Task: For the data that follows, return each line unchanged and drop the pictures.

Material provided:
Content starts
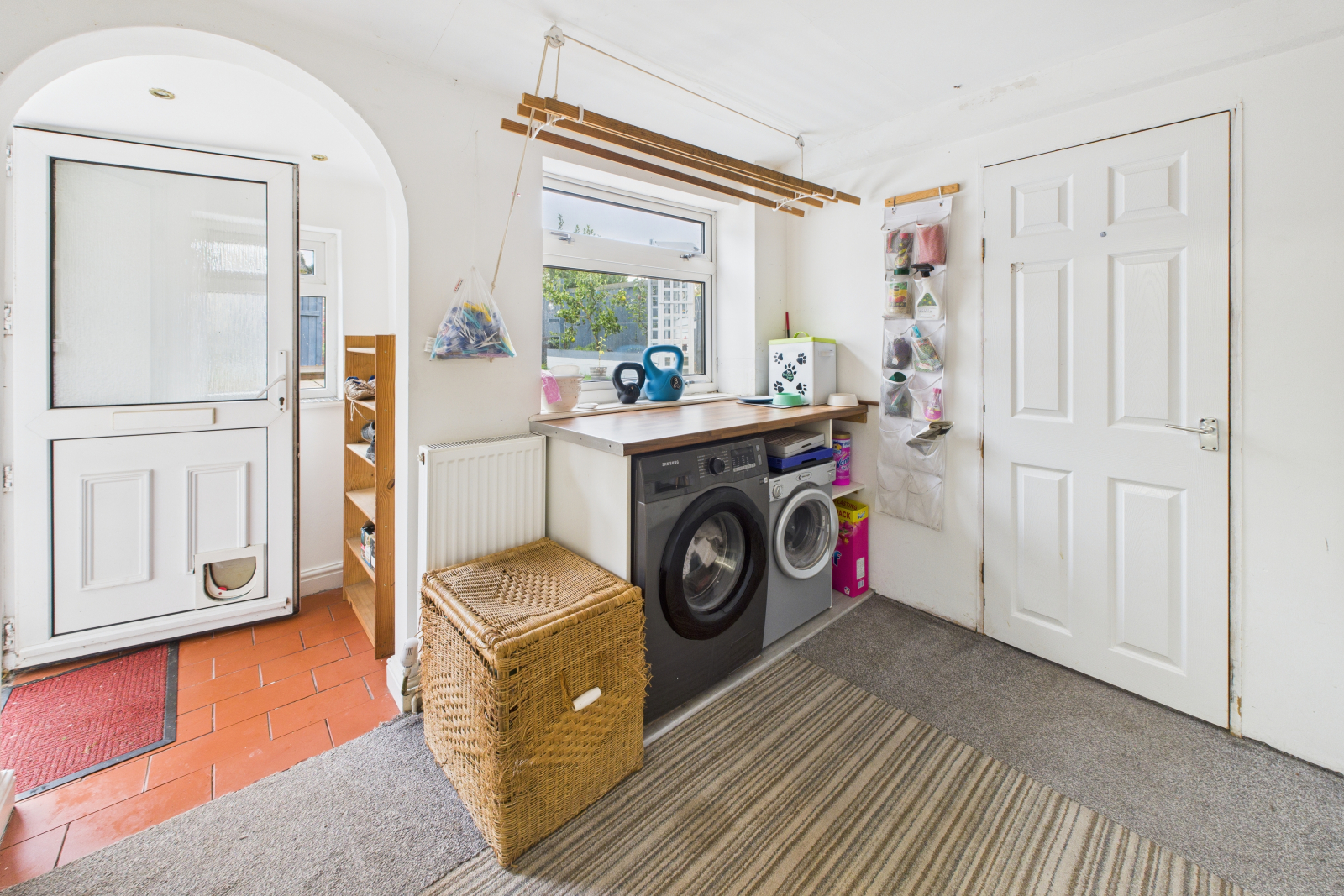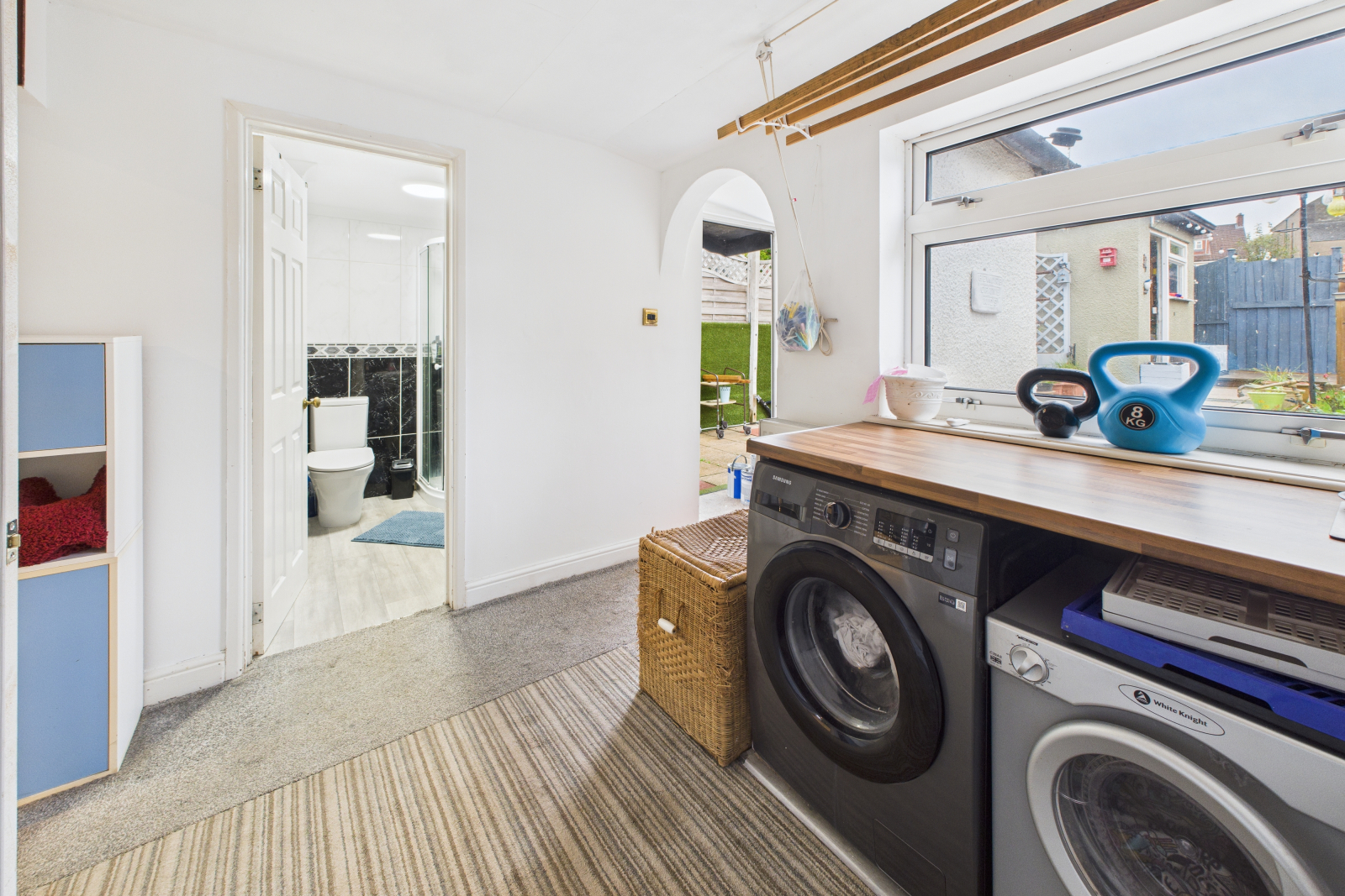 With a double-glazed window overlooking the rear garden, this practical space includes a range of fitted units and drawers with wood-effect work surfaces. There is space and plumbing for a washing machine, tumble dryer, and other under-counter appliances.
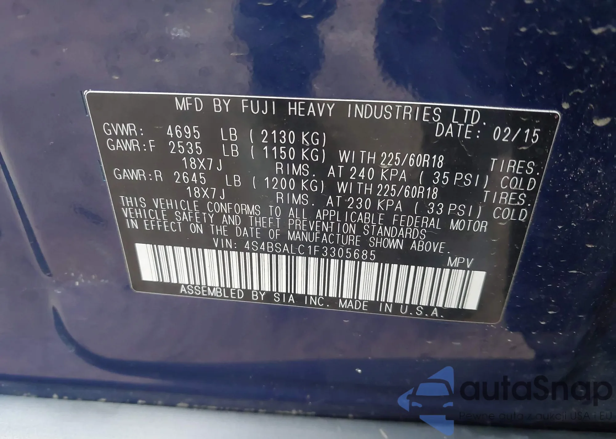 LOT: 44025917 VIN: 4S4BSALC1F3305685
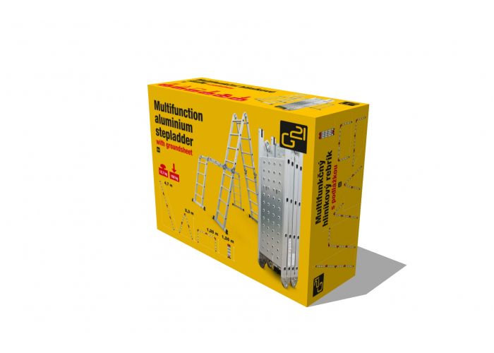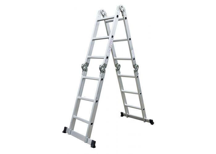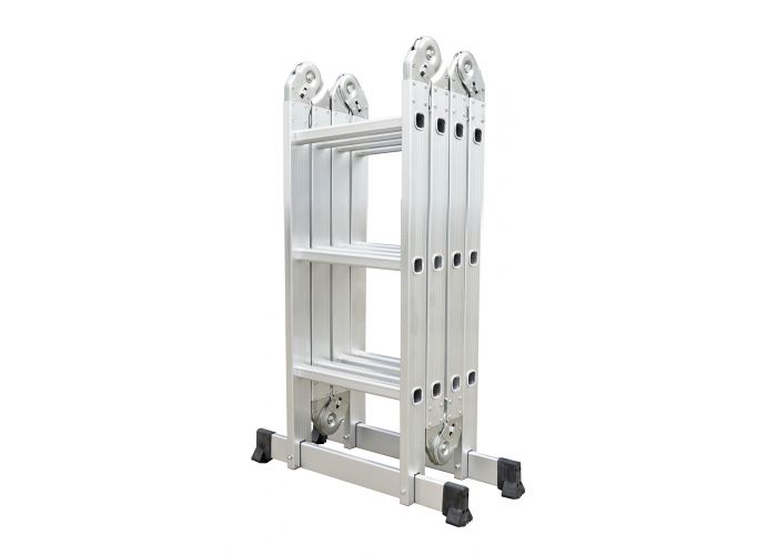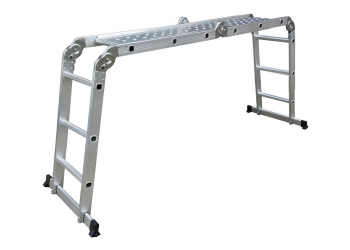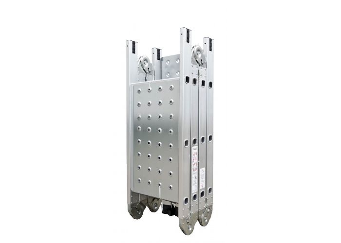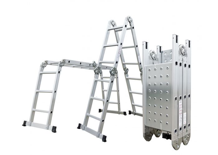 Aluminiowa drabina przegubowa wielofunkcyjna z funkcją rusztowania z podestem. Znakomity produkt pierwotnie stworzony dla specjalistów, charakteryzuje się dostatecznie sztywną konstrukcją. Drabina składa się z czterech elementów, które połączone są przegubami. Może pełnić funkcję drabiny przystawnej, dwustronnej wolnostojącej oraz rusztowania. Można ją wykorzystywać podczas różnego rodzaju prac budowlanych i dekoracyjnych, w warsztacie, w domu, w ogrodzie, itp. Można ją szybko i bez trudu złożyć do rozmiarów swobodnie mieszczących się w bagażniku.
Content ends
Task result:
 With a double-glazed window overlooking the rear garden, this practical space includes a range of fitted units and drawers with wood-effect work surfaces. There is space and plumbing for a washing machine, tumble dryer, and other under-counter appliances.
 LOT: 44025917 VIN: 4S4BSALC1F3305685
 Aluminiowa drabina przegubowa wielofunkcyjna z funkcją rusztowania z podestem. Znakomity produkt pierwotnie stworzony dla specjalistów, charakteryzuje się dostatecznie sztywną konstrukcją. Drabina składa się z czterech elementów, które połączone są przegubami. Może pełnić funkcję drabiny przystawnej, dwustronnej wolnostojącej oraz rusztowania. Można ją wykorzystywać podczas różnego rodzaju prac budowlanych i dekoracyjnych, w warsztacie, w domu, w ogrodzie, itp. Można ją szybko i bez trudu złożyć do rozmiarów swobodnie mieszczących się w bagażniku.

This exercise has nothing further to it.